Core structure of RNase PRNA
| P/La | Length (bp or nt) | Mispairs allowed | Conserved sequenceb |
| P2 | 6–7 | 1 | — |
| J2/3 | 1 or 3–4 | — | “G” if length = 1 |
| P3 | 2–7 | 1 if length > 5 | — |
| L3 | 3–72 | — | — |
| End of P3 | G$ | ||
| J3/4 | 4 | — | AGGA |
| P4-A | 3 | 1 | ANN |
| P4_UBULGE | 1 | — | U |
| P4_B | 5 | 1 | CNNNN |
| P5 | 4–5 | 1 | ^C |
| J5/7 | 1–27 | — | — |
| P7 | 3–7 | 1 | — |
| L7 | 50–300 | — | — |
| End of P7 | |||
| End of P5 | |||
| J5/15 | 3 | — | NAA |
| P15 | 2–4 | — | — |
| L15 | 4–95 | — | — |
| End of P15 | |||
| J15/2 | 11–77 | — | ^G, AGNNNNAU$ |
| End of P2 | |||
| J2/4 | 8–66 | — | ACANAA$ |
| End of P4_B | |||
| End of P4_A | |||
| J4/1 | 1 | — | A |
aThe structure elements are traced from 5′ to 3′ (top to bottom) according to the consensus structure shown in Fig. 2A ▶. P1 is not included because it is difficult to define in bacteria such as Caulobacter crescentus (Brown 1999); L7 is simplified here to include the whole cruciform because there are few constraints left for the cruciform (P7, P8, P9, and P10/P11) once P8 and P11 are compromised in some archaea (Brown 1999; Harris et al. 2001).
b^N means starting with this nucleotide; N$ means ending with N (one or more nucleotides).

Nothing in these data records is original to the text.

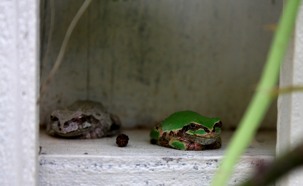 おじいさんガエルとおばあさんガエルが縁側でのんびりとしているような風景ですね。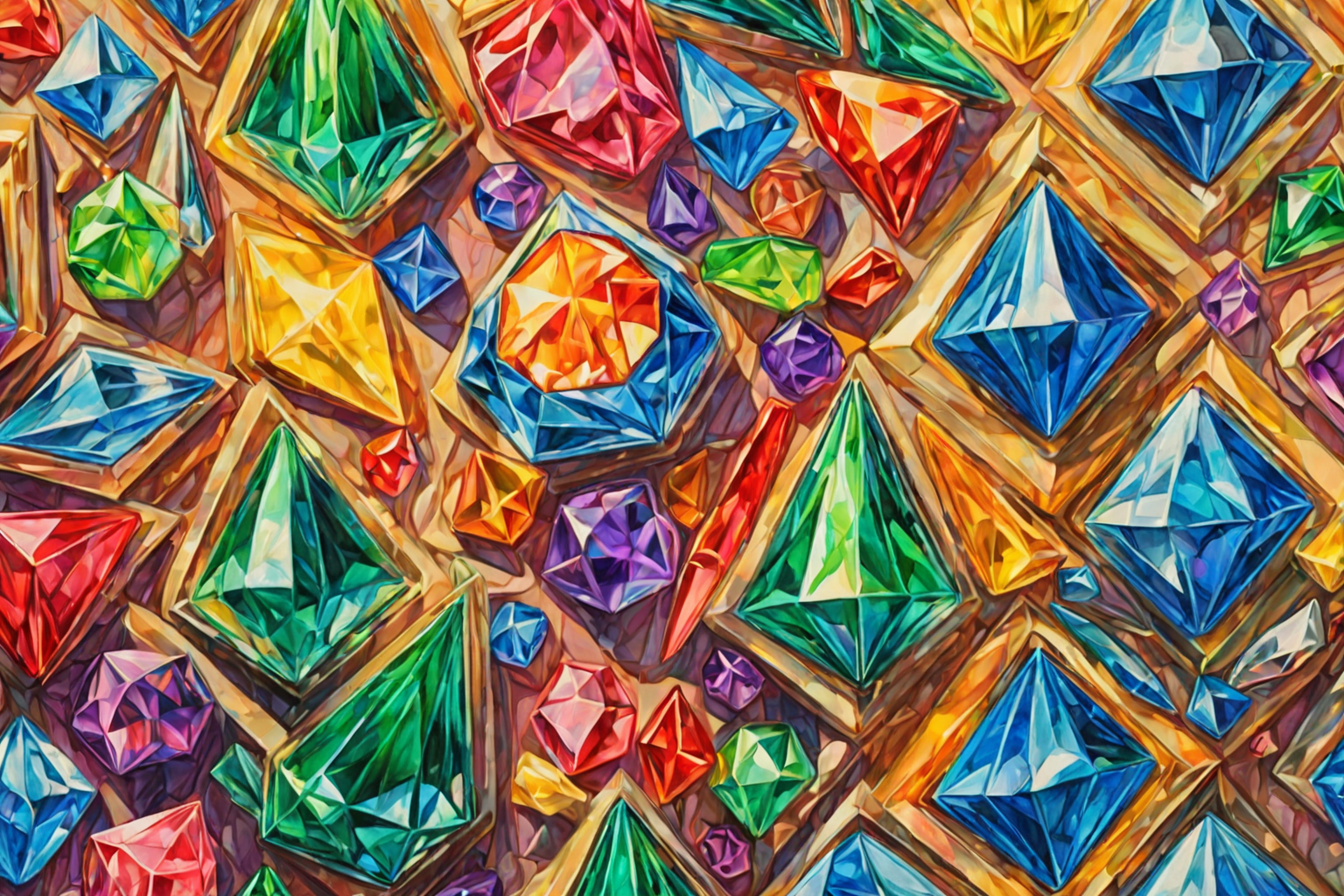 Game: Bejeweled (2001), Franz Marc style, Bejeweled, tile-matching puzzle video game, PopCap Games, browsers, 2001, over 75 million copies sold, over 150 million downloads, classic, genre. HD, sharp focus, stunningly beautiful, Colored Pencil Art, colored pencil strokes, light color, visible paper texture, colored pencil art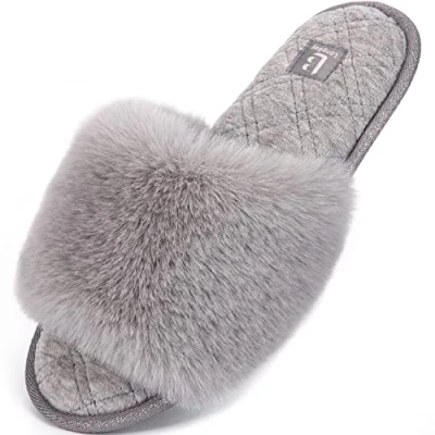 Fuzzy & Luxury Women's Slipper Shoes - Soft furry vegan friendly faux fur upper plus terry cloth lining, with fashion glitter trim perfect for girls or ladies who love fancy and warm feet. Breathable design wicks away moisture quickly after a long day walking or a hot shower. Features quilted details can best pair with your pajama Cushioning & Support Open Toe Cosy Women's Slippers - High density 80D memory foam cushions your every step for ultimate supportive comfort and feels like ergonomic pillows under your feet. Multi-layer sponge and EVA insole absorb shock to lessen muscle fatigue and make you truly relaxed when slip on these fluffy open toe scuffs Non Slip Rubber Sole - Durable & lightweight outsole provides non skid traction and indoor & outdoor versatility. So you can wear them freely at home in living room or bedroom. You can also step outside the house to fetch the morning paper in garden or check the mailbox without switching shoes Perfect Gift Choices - Available in 9 colors, light gray, cute pink, sexy black, creamy beige, navy blue, wine red, bright orange and luxurious purple. These fuzzy house shoes are perfect for women of all ages and lifestyles. They are great gifts for girlfriend, wife, mommy, daughter or your loved ones who would like to refresh her daily family look. Also perfect for bride, lady, travel and holiday wear Sizing & Caring Tip - These casual fluffy slide slippers come in 4 sizes (size 3-4, 5-6, 7-8, 9-10) could fit all standard, slim or wide feet. If you are between sizes (such as size 4.5, 6.5, 8.5, etc.), please get the next size up. These bedroom slippers are also machine washable, which makes caring for them easily
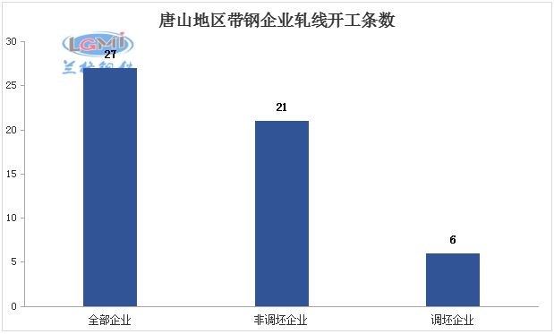 据兰格云商调研监测:本周五(5月21日)兰格网对唐山地区29家带钢企业进行了开工情况调查,调查显示,唐山地区带钢轧机共有46个,本周在开工轧线27条,较上周减少2条,开工率为59%,较上周环比下降4%。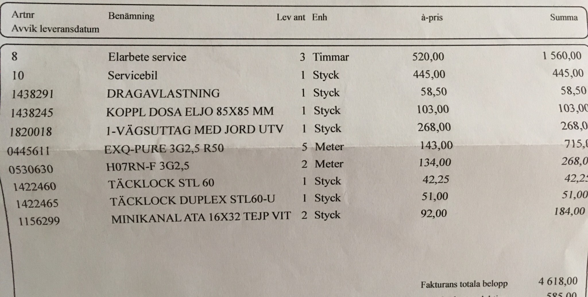 Är det såhär det kostar för elmaterial nuförtiden?

From the sequence comparison of RNase P RNAs from bacteria and archaea, we found that their major differences rely on J2/3 and P11 (Haas et al. 1996; Figs. 1 ▶, 3 ▶). Archaea may have P11 (Harris et al. 2001), but they do not possess the entire conserved feature as do bacteria (P11 is always 5 bp flanking with an A of J10/J11 while disrupted by 2 nt [mostly AA], and one mispair is allowed in its 3-bp half that begins with a G and is followed by the conserved NNAGNNA; N means any nucleotide). The distinctive structures of eukaryotic RNase P RNA were also analyzed and depicted in Figure 3 ▶.
FIGURE 3.
Comparison of the secondary structures of RNase P RNA from archaea (A), bacteria (B), and eukarya (E). The conserved structure of a bacterial RNA is depicted as a backbone. Different features are labeled by rectangles and descriptions with different colors.
Search procedure
There are two conserved sequence segments in the core structure: GAGGAANNUCNNNNC (previous designated as conserved region I, CR I; Chen and Pace 1997) and AGNNNNAU…{10–60 nt}…ACANAANNNNGNNUA (CR IV and CR V; Chen and Pace 1997). A new short sequence pattern recognition program was written in PERL as a preprocessor to retrieve ~600-nt DNA sequence(s) containing these two segments in one region from various genomes (Supplementary Fig. 1). This new preprocessing program reduces the amount of “junk” DNA containing no conserved RNase P RNA sequences and limits the amount of time to a few minutes for the entire search program.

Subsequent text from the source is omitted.